------ Extracted data
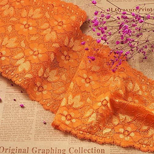Cheriswely, nastro di pizzo da 9,1 m, larghezza 9,1 cm, bordo in pizzo floreale, rotolo elastico elastico per cucito, per realizzare fiocchi per capelli, confezione regalo (arancione)
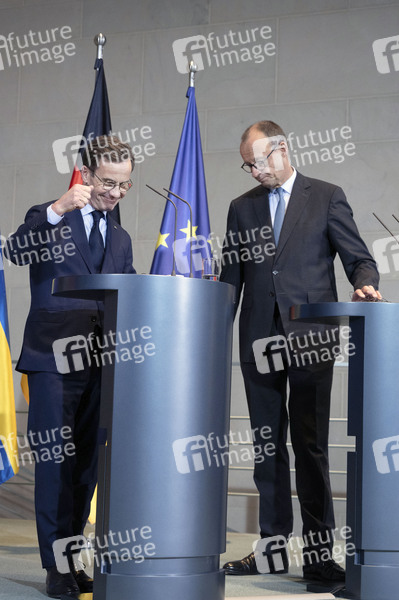 Ulf Kristersson und Friedrich Merz bei der Pressekonferenz nach der Unterzeichnung der bilateralen deutsch-schwedischen Innovationspartnerschaft im Bundeskanzleramt. Berlin, 19.11.2025
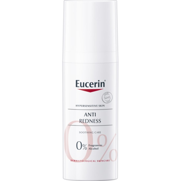 Eucerin AntiRedness Soothing Care är en återfuktande ansiktskräm som minskar och lindrar rodnad, irritation och sveda omedelbart och förhindrar rodnad långsiktigt. Krämen har en lugnande anti-stickande och anti-irriterande effekt på huden, tack vare de aktiva ingredienserna: SymSitive som är speciellt framtagen för hyperkänslig hud och lakritsrotextrakt som dämpar rodnad effektivt. Krämen hjälper till att reducera stramhet dygnet runt och förbättrar hudens tillstånd.
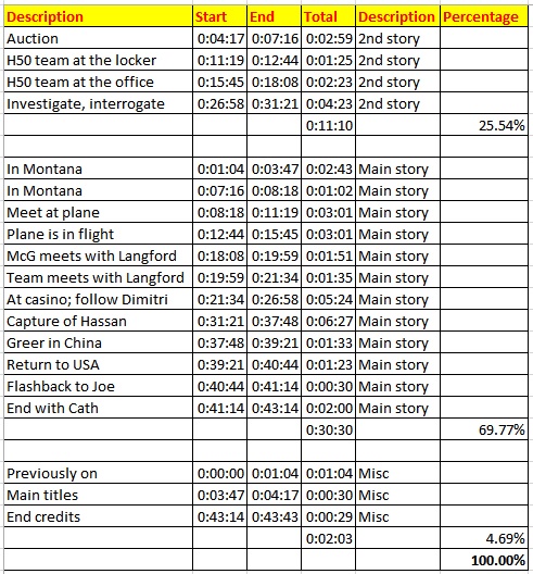 - This episode breaks down as follows: Crime of the Week - 72.87%; Eddie digs, McG and Danno yap at beginning of show - 8.19%; Miscellaneous (credits, previously on) - 4.23%; Tani's problem - 14.70%.
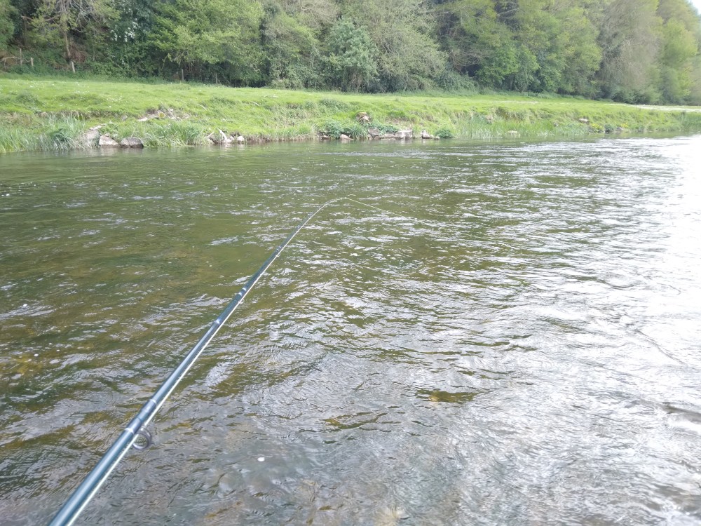 The Nore here is a wide river which reminded me of the Aberdeenshire Don where I learned to fish all those years ago. Low, clear water and a strong upstream wind under bright sunshine were far from ideal conditions but I togged up and walked down the bank, looking for signs of life. It quickly became apparent the river was stuffed full of fish, I could see them in the crystal water holding near the bottom. Fishing down a long slow run failed to meet with any success so I swapped my nymphs for a pair of spiders and fished down a fast run but again, without so much as a pull. The river felt lifeless with no signs of fly life and I was beginning to think this had been a step too far for me. I had arrived too late for any lunchtime activity and too early for the evening rise. Changing flies again I put a black spider on the dropper and a PT nymph on the tail before moving a bit further down the river.
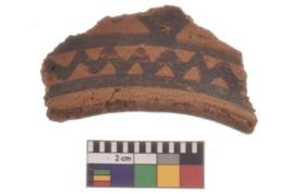 | Description / विवरण | Specimen of black on red ware with decorative geometric A row of arches over a horizontal band painting. |
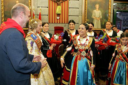 La tarde del viernes 27 de junio la comitiva fallera fue recibida en el Ayuntamiento por la máxima autoridad de Burgos, el alcalde Juan Carlos Aparicio, y otros miembros de la corporación municipal, que aguardaban con ilusión su llegada para comenzar unos de los actos más protocolarios de los Sampedros, la proclamación de sus Reinas y el Pregón.
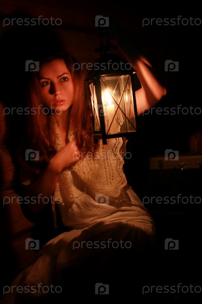 Женщина свеча лампа темная ночь
------------
Activity.
Exclude the pictures and print the rest of the data exactly.

Task answer.
Cheriswely, nastro di pizzo da 9,1 m, larghezza 9,1 cm, bordo in pizzo floreale, rotolo elastico elastico per cucito, per realizzare fiocchi per capelli, confezione regalo (arancione)
 Ulf Kristersson und Friedrich Merz bei der Pressekonferenz nach der Unterzeichnung der bilateralen deutsch-schwedischen Innovationspartnerschaft im Bundeskanzleramt. Berlin, 19.11.2025
 Eucerin AntiRedness Soothing Care är en återfuktande ansiktskräm som minskar och lindrar rodnad, irritation och sveda omedelbart och förhindrar rodnad långsiktigt. Krämen har en lugnande anti-stickande och anti-irriterande effekt på huden, tack vare de aktiva ingredienserna: SymSitive som är speciellt framtagen för hyperkänslig hud och lakritsrotextrakt som dämpar rodnad effektivt. Krämen hjälper till att reducera stramhet dygnet runt och förbättrar hudens tillstånd.
 - This episode breaks down as follows: Crime of the Week - 72.87%; Eddie digs, McG and Danno yap at beginning of show - 8.19%; Miscellaneous (credits, previously on) - 4.23%; Tani's problem - 14.70%.
 The Nore here is a wide river which reminded me of the Aberdeenshire Don where I learned to fish all those years ago. Low, clear water and a strong upstream wind under bright sunshine were far from ideal conditions but I togged up and walked down the bank, looking for signs of life. It quickly became apparent the river was stuffed full of fish, I could see them in the crystal water holding near the bottom. Fishing down a long slow run failed to meet with any success so I swapped my nymphs for a pair of spiders and fished down a fast run but again, without so much as a pull. The river felt lifeless with no signs of fly life and I was beginning to think this had been a step too far for me. I had arrived too late for any lunchtime activity and too early for the evening rise. Changing flies again I put a black spider on the dropper and a PT nymph on the tail before moving a bit further down the river.
 | Description / विवरण | Specimen of black on red ware with decorative geometric A row of arches over a horizontal band painting. |
 La tarde del viernes 27 de junio la comitiva fallera fue recibida en el Ayuntamiento por la máxima autoridad de Burgos, el alcalde Juan Carlos Aparicio, y otros miembros de la corporación municipal, que aguardaban con ilusión su llegada para comenzar unos de los actos más protocolarios de los Sampedros, la proclamación de sus Reinas y el Pregón.
 Женщина свеча лампа темная ночь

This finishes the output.